Se bem que uma seca intensa partilhe algo da culpa, a questão que clama ser perguntada é porque uma nação de apenas pouco menos de um milhão de pessoas, que é suposta ter recebido mais doações de fundos “per capita” nos últimos cinco anos do que qualquer outra, está a passar fome?

 

QUANTO MAIS AS COISAS MUDAM...

 

Desde o referendo da independência de 1999, uma ajuda monetária estimada em 3 mil milhões de dólares tem estado a redemoinhar em torno de gabinetes administrativos, dispendiosos restaurantes estrangeiros de Dili e em contas bancárias em dólares americanos de consultores internacionais, raramente fazendo a viagem desesperadoramente necessária para além dos limites da cidade que é a capital do país. Num departamento governamental, um único consultor internacional ganha em um mês tanto quanto 20 dos seus colegas timorenses ganham juntos num ano inteiro. Outro consultor cobrou ao PNUD 8.000 dólares pelo seu bilhete aéreo em primeira classe a partir do paraíso fiscal onde reside. E estas histórias seguem­‑se umas às outras. Uma recente avaliação da Comissão Europeia do Trust Fund for East Timor, administrado pelo Banco Mundial, observava que um terço dos fundos concedidos foram devorados pelas remunerações dos consultores, sem falar nos custos indirectos e nas aquisições obrigatórias. Mas o problema é muito mais profundo do que o desperdício financeiro da indústria da ajuda.

 

As elites do desenvolvimento em Dili não têm dúvidas em culpar o passado. Não há dúvida, os militares indonésios que partiram destruíram 70 por cento da infra­‑estrutura e deslocaram dois terços da população durante a sua saída sangrenta em 1999. Na verdade, desde que os portugueses aportaram pela primeira vez àquela pequena ilha há quase 500 anos atrás, a luta timorense para ultrapassar a fome e controlar os seus sistemas de produção de alimentos tem estado intimamente ligada à sua luta contra a ocupação estrangeira.

 

Para os agricultores de Hatabuiliko e umas 40.000 famílias nas províncias montanhosas, o café é o símbolo desta luta. Os portugueses expandiram a indústria no século XIX com a habitual fórmula colonial da expulsão da terra, trabalho e cultivo forçados. Os militares indonésios assumiram o comando da indústria em 1976 com tão ruinosa exploração que os agricultores do café foram efectivamente forçados a financiar o seu próprio genocídio. Isto deixou o sector num estado que a Comissão de Planeamento de Timor descreveu em 2002 como «não viável».

 

A partir da votação da independência, em 1999, os doadores prescreveram o desmantelamento dos apoios estatais para o sector, o que, combinado com um excesso de produção no mercado global desregulado do café, conduziu os agricultores à miséria.
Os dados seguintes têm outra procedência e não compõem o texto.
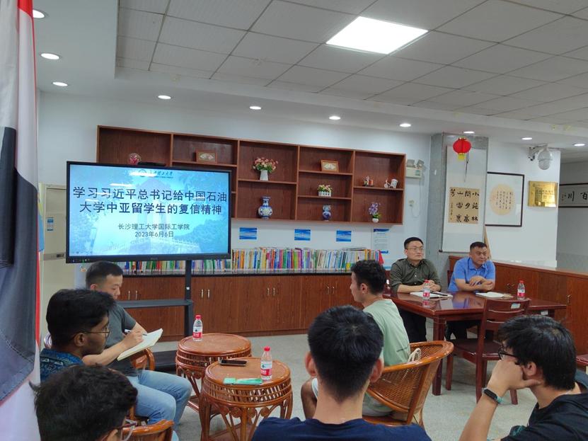 6月6日下午,来自乌兹别克斯坦、塔吉克斯坦、巴基斯坦、孟加拉国、摩洛哥等国的近三十名留学生代表齐聚一堂,共同学习习近平主席给中国石油大学(北京)中亚留学生的回信,领悟复信精神,并就回信谈论自己的想法。国际工学院党总支书记王学成、党总支副书记兼副院长乔法光以及留学生工作部全体成员参与学习讨论。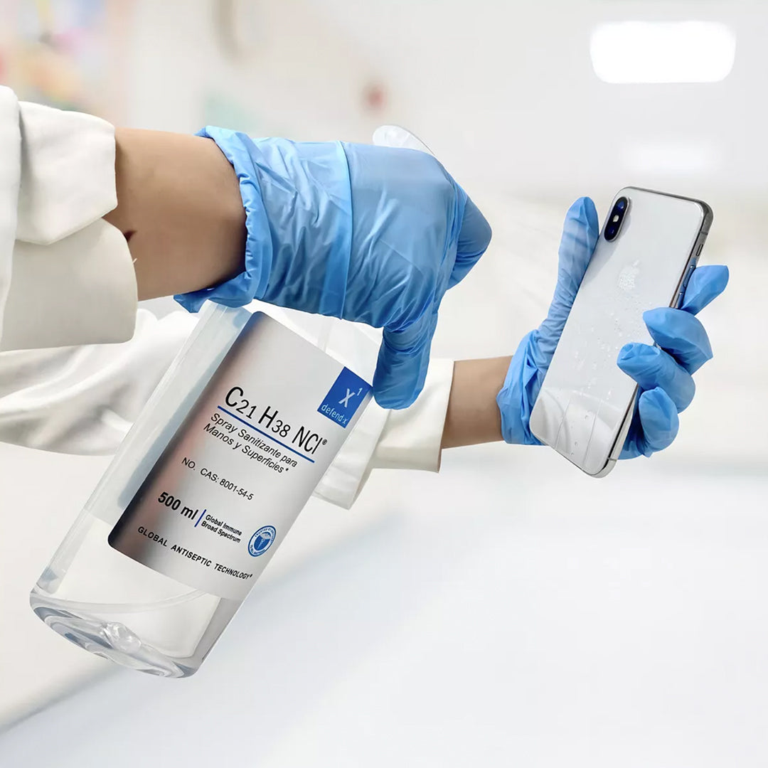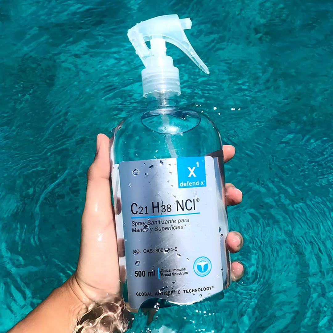 Defend-x1® Es un poderoso Agente Antibacteriano, formulado para usarse en el cuerpo y en las superficies, elimina el 99% de las bacterias y de los virus. No requiere enjuagar, no deja sensación pegajosa y seca rápido.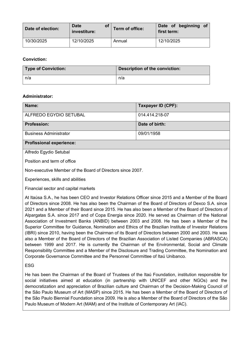 Date of election: Date of investiture: Term of office: Date of beginning of first term: 10/30/2025 12/10/2025 Annual 12/10/2025 Conviction: Type of Conviction: Description of the conviction: n/a n/a Administrator: Name: Taxpayer ID (CPF): ALFREDO EGYDIO SETUBAL 014.414.218-07 Profession: Date of birth: Business Administrator 09/01/1958 Profissional experience: Alfredo Egydio Setubal Position and term of office Non-executive Member of the Board of Directors since 2007. Experiences, skills and abilities Financial sector and capital markets At Itaúsa S.A., he has been CEO and Investor Relations Officer since 2015 and a Member of the Board of Directors since 2008. He has also been the Chairman of the Board of Directors of Dexco S.A. since 2021 and a Member of their Board since 2015. He has also been a Member of the Board of Directors of Alpargatas S.A. since 2017 and of Copa Energia since 2020. He served as Chairman of the National Association of Investment Banks (ANBID) between 2003 and 2008. He has been a Member of the Superior Committee for Guidance, Nomination and Ethics of the Brazilian Institute of Investor Relations (IBRI) since 2010, having been the Chairman of its Board of Directors between 2000 and 2003. He was also a Member of the Board of Directors of the Brazilian Association of Listed Companies (ABRASCA) between 1999 and 2017. He is currently the Chairman of the Environmental, Social and Climate Responsibility Committee and a Member of the Disclosure and Trading Committee, the Nomination and Corporate Governance Committee and the Personnel Committee of Itaú Unibanco. ESG He has been the Chairman of the Board of Trustees of the Itaú Foundation, institution responsible for social initiatives aimed at education (in partnership with UNICEF and other NGOs) and the democratization and appreciation of Brazilian culture and Chairman of the Decision-Making Council of the São Paulo Museum of Art (MASP) since 2015. He has been a Member of the Board of Directors of the São Paulo Biennial Foundation since 2009. He is also a Member of the Board of Directors of the São Paulo Museum of Modern Art (MAM) and of the Institute of Contemporary Art (IAC).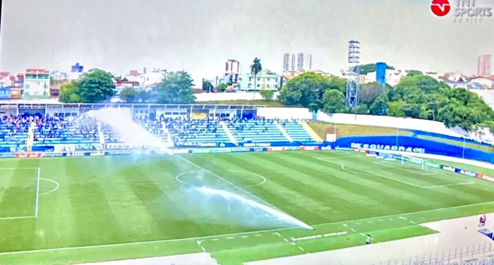 Um detalhe do gramado sintético de Santo André: a bola pulava muito alto (pipocava mesmo), mas quando era chutada para frente, não deslizava normalmente, “ficando presa” no gramado, perdendo velocidade. A grosso modo, talvez algo segurava a bola… a solução foi irrigar o gramado (como visto antes mesmo do jogo) para minimizar o problema. Com isso, tivemos 4 contundidos somente no primeiro tempo (3 do Santo André e 1 do Red Bull Bragantino). No segundo tempo, Luan Cândido e Lucas Cunha saíram machucados também.
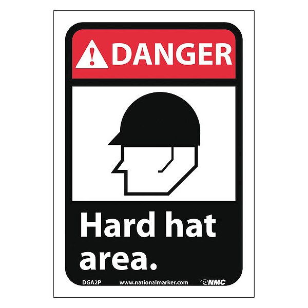 Danger Hard Hat Area Sign, 10 in Height, 7 in Width, Pressure Sensitive Vinyl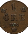 1857 LA 1 Öre Sweden Coin Oscar I Kungsholmen Mint
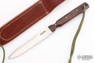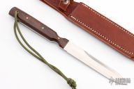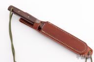 The Model 10-5 by Randall is a Crider Special with spearpoint stainless blade with notched thumb and finger rests, sharpened top edge with sawteeth, .114" blade stock and .825" blade depth, full tang construction. Double finger groove and a rosewood handle with brass pins. Brown leather sheath is stamped "Jack Crider Special". Comes with a Randall zippered case. Excellent condition. Hard to find.

O café, a principal exportação do país, rendeu uns deprimentes 5 milhões de dólares em 2003 (o total das exportações foi apenas de 6 milhões de dólares), o resultado de preços que são uns meros 19% do seu nível de 1980 e em 2002 foi o mais baixo de sempre em termos reais.

 

 

TIMOR LIVRE, MERCADO LIVRE

 

Sob os planos dos grandes doadores para a reconstrução de Timor, o mercado foi radicalmente liberalizado, todo o apoio estatal foi reduzido, e o governo cortado pela metade, restrito a 17.000 funcionários sob as condicionalidades macro­‑económicas impostas pelo Banco Mundial-FMI e a um miserável orçamento nacional de 75 milhões de dólares. Não há necessidade de muito governo, segundo a elite do desenvolvimento, quando o Estado deveria limitar-se a ser o estimulador de um «dinâmico sector privado» voltado para uma economia conduzida para a exportação e alimentada pelo investimento directo estrangeiro.

 

No ano passado conversei com um grupo de agricultores do arroz no distrito de Bobonaro sobre como estavam a desvencilhar-se neste bravo mundo globalizado. Eles lamentaram que o arroz importado da Tailândia e do Vietname – agora representando 55% do consumo interno – seja mais barato do que tudo o que podem produzir. Enquanto os antigos ocupantes indonésios investiam pesadamente em infra­‑estrutura, mercadorias básicas subsidiadas e insumos agrícolas, e proporcionavam um preço base garantido aos agricultores, os novos ocupantes descartaram tudo isto. Nestes dias, os agricultores visitam o privatizado Centro de Apoio Agrícola, concebido pelo Banco Mundial, para comprar factores de produção agrícola a preços tão elevados que empurram os seus custos de produção acima do preço de venda do arroz.

 

Com a vida rural em dificuldade, os timorenses afluíram a Dili à procura de empregos. Em Julho do ano passado visitei Domingos Frietas, um velho amigo que cria uma família de cinco pessoas numa casa arruinada em Dili. Esgravatando por mais trabalho, o seu salário mensal de 50 dólares como professor a tempo parcial simplesmente não é suficiente. Uma economia dolarizada e liberalizada, combinada com os gastos inflacionários da invasão da ajuda, puxaram os preços para um nível bem acima do salário do timorense médio. Só o arroz está a 15 dólares por um saco que dura um mês. Os níveis de desnutrição na capital estão entre os mais elevados do país.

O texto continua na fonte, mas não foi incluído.